「H26」のガチ過ぎる2026年F1参戦計画、巨額を得て既に車体開発に着手か
2026年の新規参戦に向けてコードネーム「H26」の名で極秘に進められているF1プロジェクトのガチ過ぎる実態が明らかになってきた。既に60名もの人材を抱え、英国シルバーストンの旧メルセデス風洞(50%)を使っての車体開発が「順調」に推移しているという。
最も信頼に足るF1ジャーナリストの一人、ディーター・レンケンによると「H26」は、イギリスを本拠としてFIA-F2選手権やF3、GB3選手権などに参戦するハイテックGPの新プロジェクトだ。チーム代表のオリバー・オークスは長年に渡って最高峰クラスへの進出を目指してきたとされる。
プロジェクトを率いるのは、BARホンダでキャリアをスタートさせ、ルノー、マルシャ、フェラーリ、マノー等、多くのチームで技術職を務めてきたデイブ・グリーンウッドだ。調査の結果、2022年2月から責任者を務めている事が確認できた。
またレンケンによるとジョーダン、ルノー、レッドブル、ケータハム、ザウバーで活躍したマーク・スミスがテクニカルディレクターに、昨年5月までレッドブル・アドバンスト・テクノロジー(RAT)に在籍していたキース・バークレイがチーフデザイナーに、そして同じく昨年8月までRATでヴァルキリーの開発に関わっていたジェームス・ナプトンが車両科学部門のトップに就任したという。
これらはサウジアラビアGP後にF1ジャーナリストのジョー・サワードが報告していた情報とも一部、一致する。
最終的にはオックスフォードシャー北東部のビスターに新たな拠点を設ける計画で、現在はシルバーストンにあるハイテックの旧F2/3拠点において、現時点でのFIAクラッシュテストと荷重係数に基づきシャシーやロールフープ等の設計が進められているという。その進捗についてレンケンは「驚くべきものにほかならない」と指摘した。
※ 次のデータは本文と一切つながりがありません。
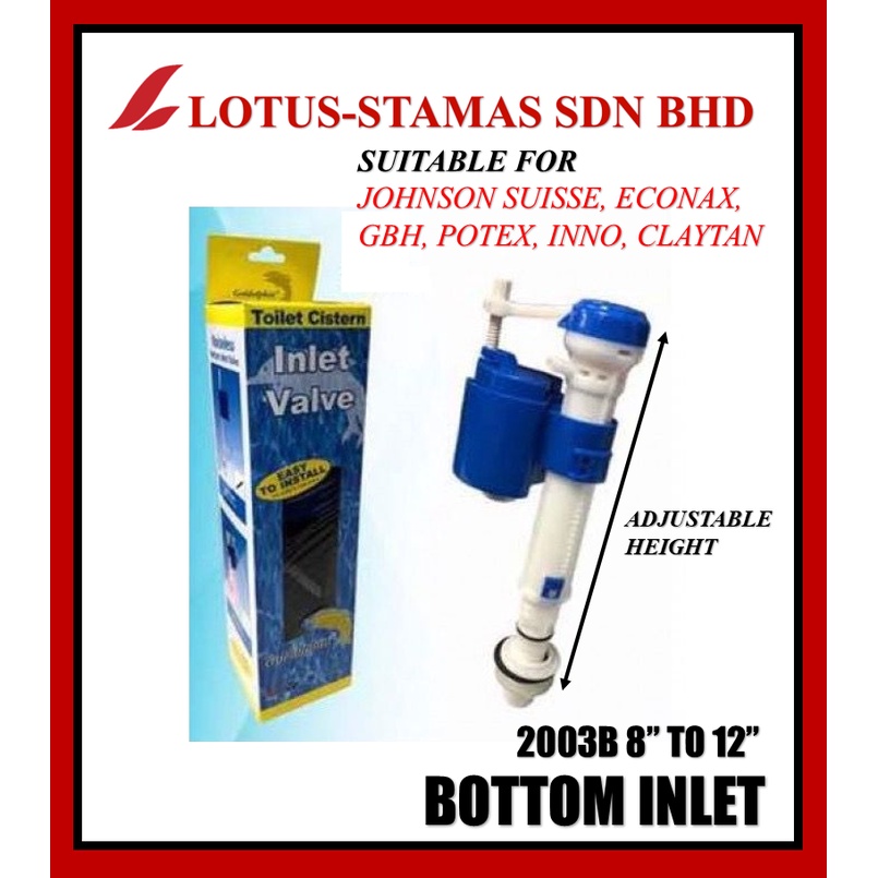 GOLDOLPHIN WC CISTERN WATER TANK UNIVERSAL ADJUSTABLE BOTTOM INLET VALVE GDA2003B Johnson Suisse Claytan Econax Potex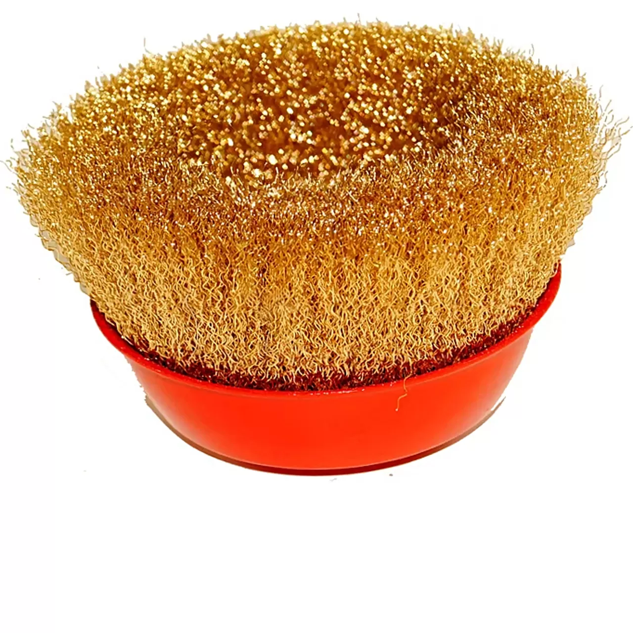 Щетка латунированная 125 мм для УШМ предназначена для зачистки изделий, удаления ржавчины и грязи с металлических поверхностей. Оснастка крепится к инструменту при помощи гайки М14.
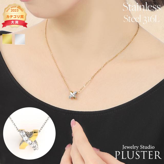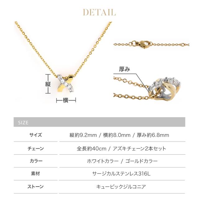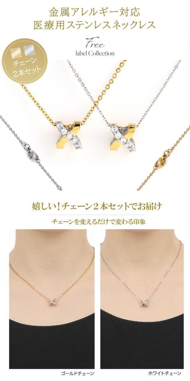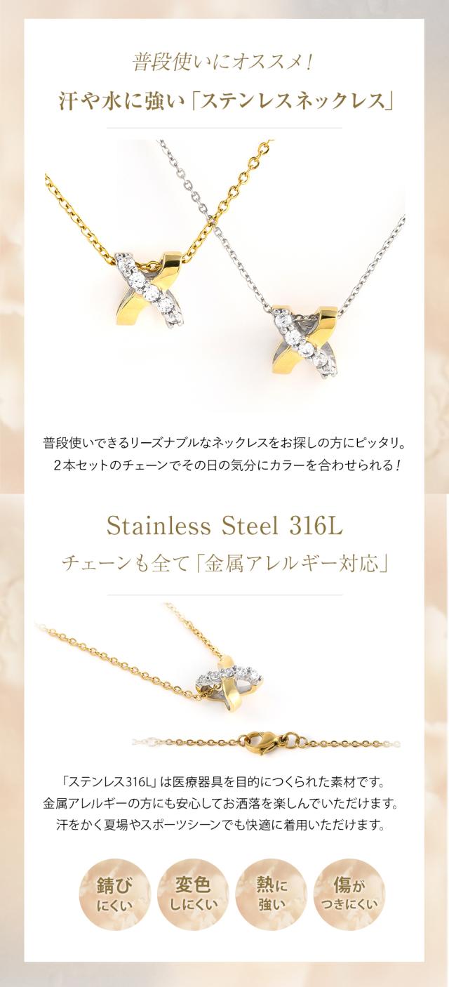 ネックレス レディース 大人 サージカル ステンレス チェーン ジルコニア ゴールド シルバー ホワイト ステンレスネックレス 2way 2wayネックレス 40cm 金属アレルギー対応 ステンレス316L 金属アレルギー クロス ブランド アレルギー シンプル クリスマス プレゼント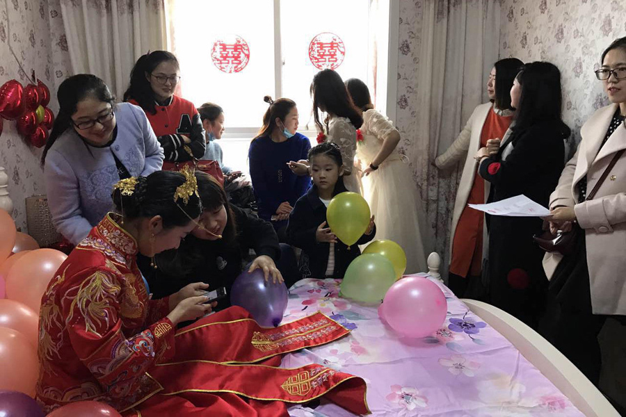 新郎带领队伍在门外忙活,屋里这边也是欢声笑语,听见新娘的手机响了,大家就知道钱已经支付过来了,闺蜜们慌忙过来“审查”金额,生怕新娘心疼新郎假装说收到。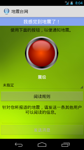答:按下按钮“通知”地图。星形图标代表在过去24小时内所发出的通知。绿星:轻度震级;黄星:强烈震级;红星:非常强烈的震级;黑星:由其他用户报告的虚假地震。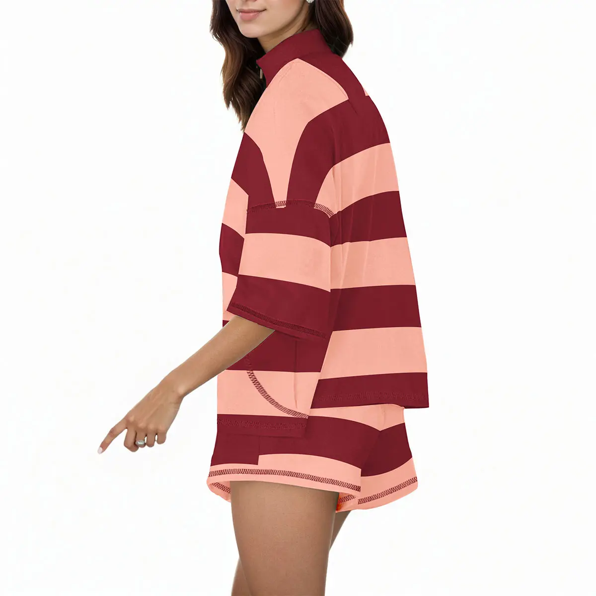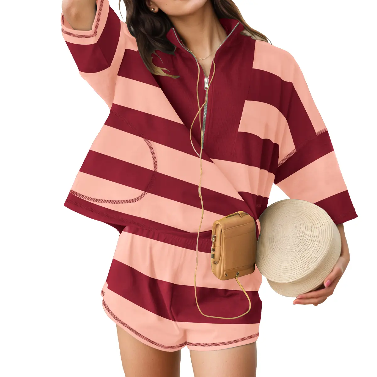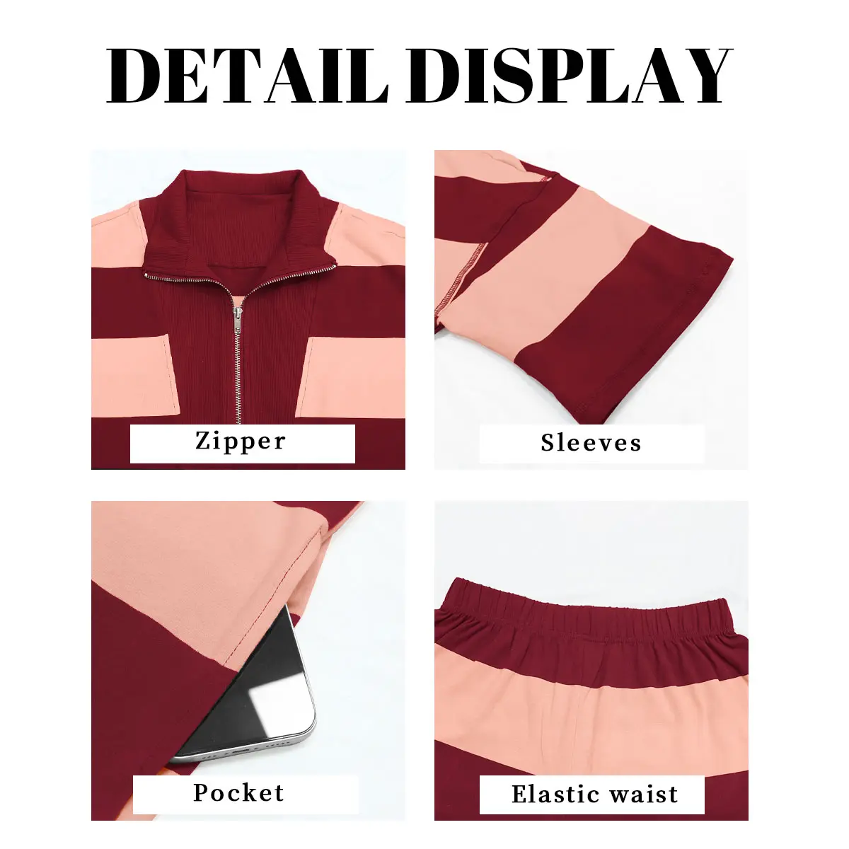 ·Bold, Sporty Design: Featuring a wide stripe pattern for a vibrant and athletic look. The top includes a stylish half-zip front, drop shoulders for ease of movement, and side pockets for small essentials.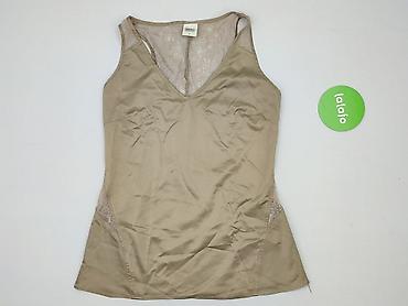 Beżowy top dzianinowy na ramiączkach, damski - Fason: dopasowany, z dekoltem w kształcie litery V z przodu i z tyłu - Rozmiar z metki: M - Kolor: jasny beż/owsiany - Dzianina gładka, elastyczna; w...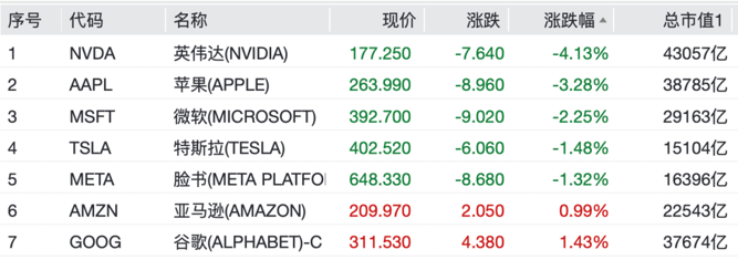 个股方面,英伟达跌超4%,苹果跌3.28%,微软跌2.25%,特斯拉、脸书跌超1%,谷歌、亚马逊收涨。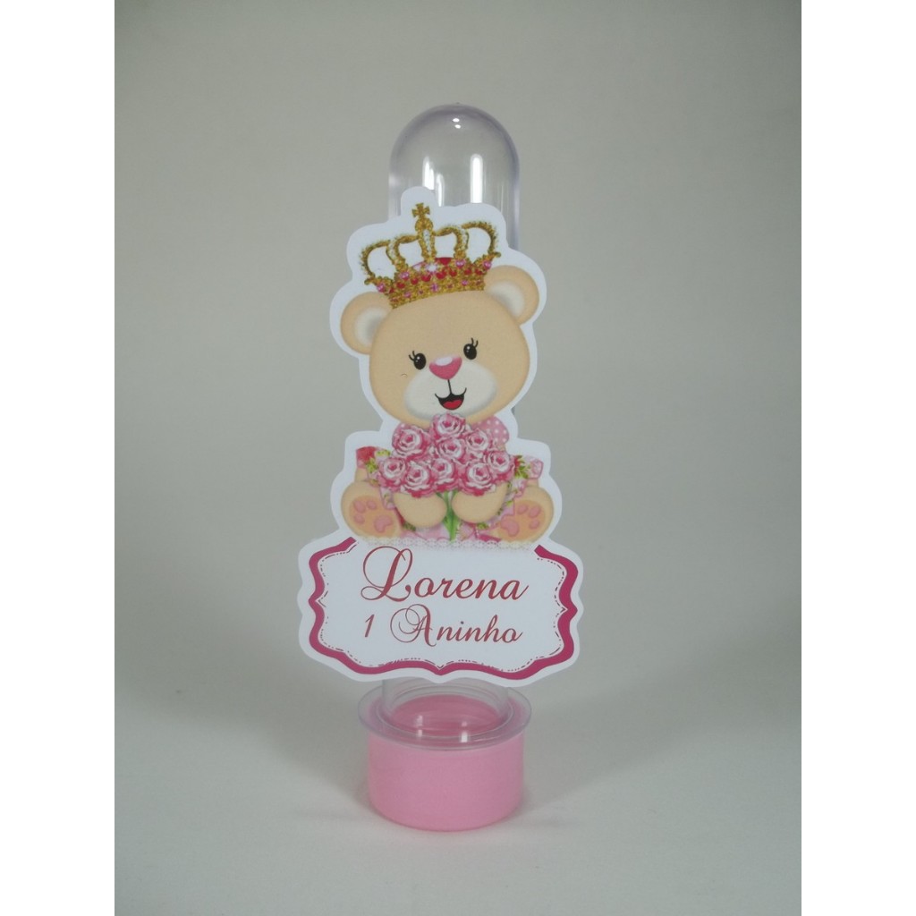 Tubete Personalizado Ursinha Princesa Kit com 10 / 15 / 20 / 25 / 30 / 40 / 50 Unidades
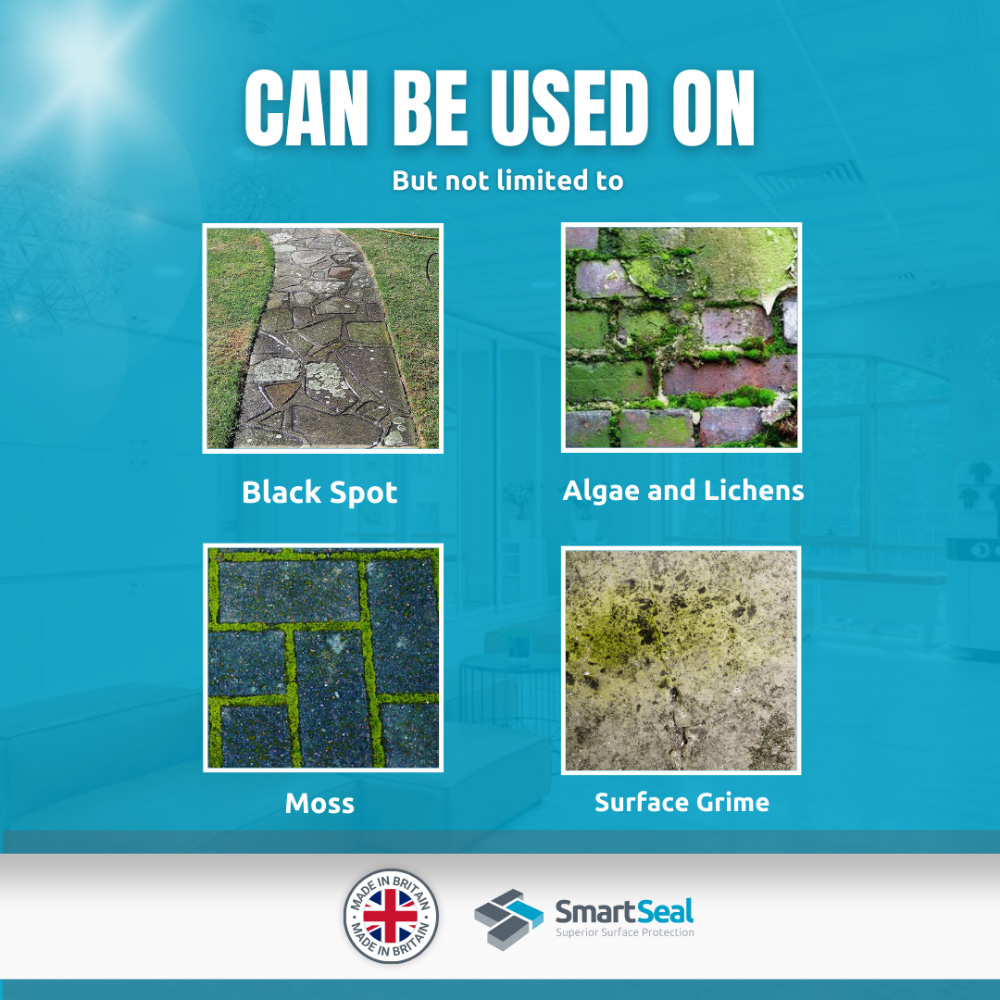 Restore your home's charm with this SmartSeal Xtreme Patio Cleaner. This fast-acting, high-performance patio cleaning product contains four powerful active ingredients. It offers a simple way to keep any patio clean without the need for pressure washing. The patio must remain wet throughout the 60 minutes, as the product becomes inactive once dry. Most ingrained organic matter and grime will be removed after one application, but sometimes, a second application may be required to remove all black and white spot algae. Diluted 1:1, 5L of the product can cover up to 40m². It is a proven, tested, and trusted driveway cleaner that can be applied using a sprayer or watering can. Instructions for use: 1. Sweep away loose debris and areas with a heavy build-up of dirt and grime. 2. Wet surface area with water. 3. Dilute the product at a ratio of 1:1. If removing the black spot, don't dilute. 4. Apply product to the surface using a watering can or sprayer. 5. Make sure that the surface area doesn't dry out before rinsing off. 6. Leave on the surface area for up to 60 minutes. 7. Rinse the area with water. Quantity: 25L.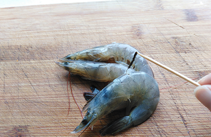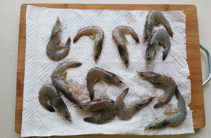 9、待花椒發出香味后將蝦平鋪在鍋里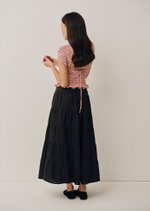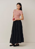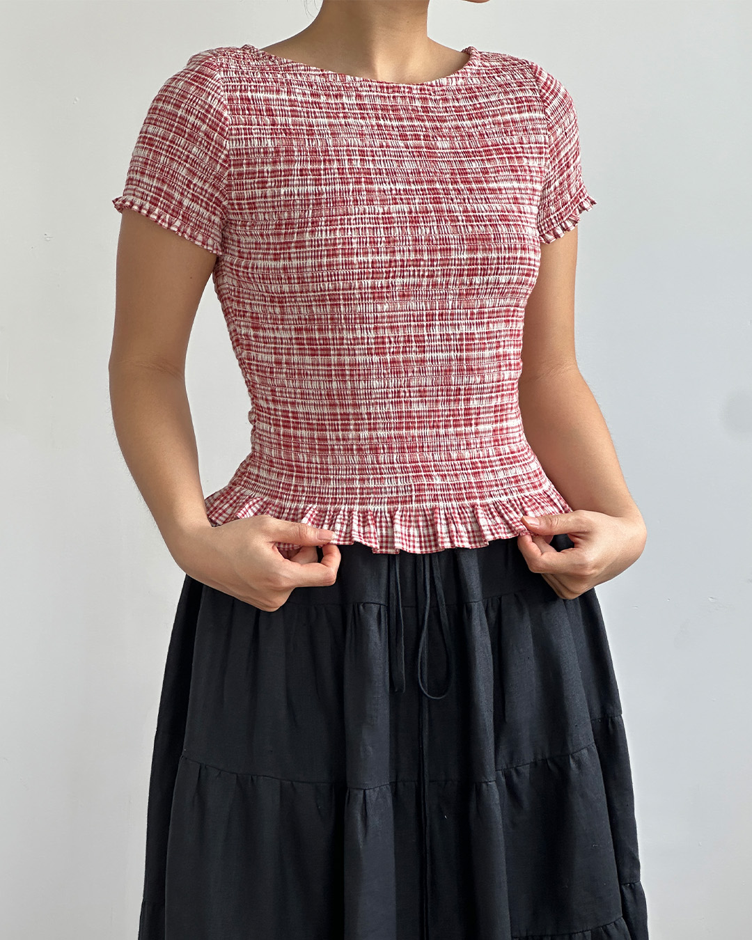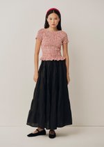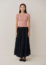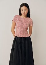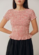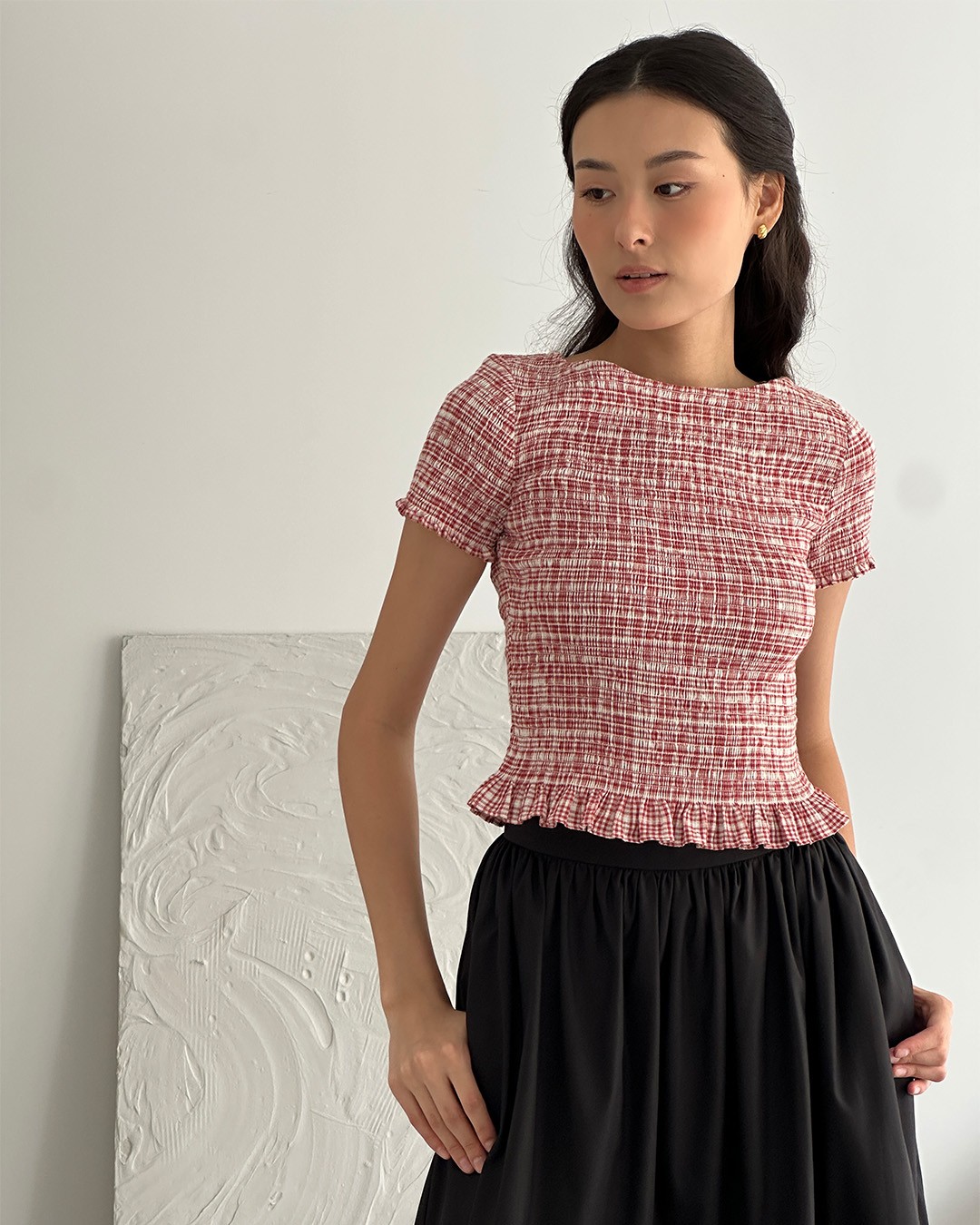 A playful update to a classic silhouette. This fully smocked top hugs gently with just the right amount of stretch, balanced by a soft ruffle hem. Designed with a straight boat neckline and short sleeves, it surprises with cut-out detailing at the back—secured by a hook-and-eye closure and a detachable tie for a touch of versatility.

ハイテックはパワーユニットサプライヤーとしてメルセデスとの提携を望んでいるとの事で、メルセデスのトト・ウォルフCEOとアストンマーチンのローレンス・ストロール会長の「関係悪化」を背景に、ハイテックが事実上のメルセデスBチームとなる可能性を指摘する声があるとレンケンは伝えている。
アストンがメルセデスとの関係を断つとすれば、新たなPUサプライヤーの候補として取り沙汰されるのはレッドブル・フォードかルノーか、それともホンダか。
ハイテックは一時、元ハースF1ドライバーのニキータ・マゼピンの父ドミトリーが筆頭株主(75%)として支配するチームであったが、ロシア軍によるウクライナ侵攻を経てオークスが再び経営権を完全に取り戻した。つまり、現在はかつてあった莫大なロシアンマネーがないという事だ。
レンケンはウォルフが最近、チームの立ち上げからF1参戦資格を得るためまでに約10億ドル(約1320億円)の費用がかかると指摘した事に触れ、60名もの優秀かつ高額なエンジニアを少なくとも向こう3年間に渡って維持するための資金は何処から来ているのかと疑問を呈した。
そして、ハイテックのWEBサイトに掲げられているアラブ首長国連邦のエミレーツ国営石油会社(ENPC)や、ウィリアムズF1チームのオーナー、ドリルトン・キャピタルの所有者に触れた。
今年2月に募集が開始された国際自動車連盟(FIA)による審査プロセスは6月30日までに最終決定が下される予定で、早ければ2025年に2つのF1チームが誕生する可能性がある。
エントリーしたのはH26と同じく中東との関係が指摘される男女均等の「フォーミュラ・イコール」、最有力候補のアンドレッティ・キャデラック、そしてパンテーラ・チームアジアの4チームと見られている。いずれも独自の魅力と訴求力を備えている。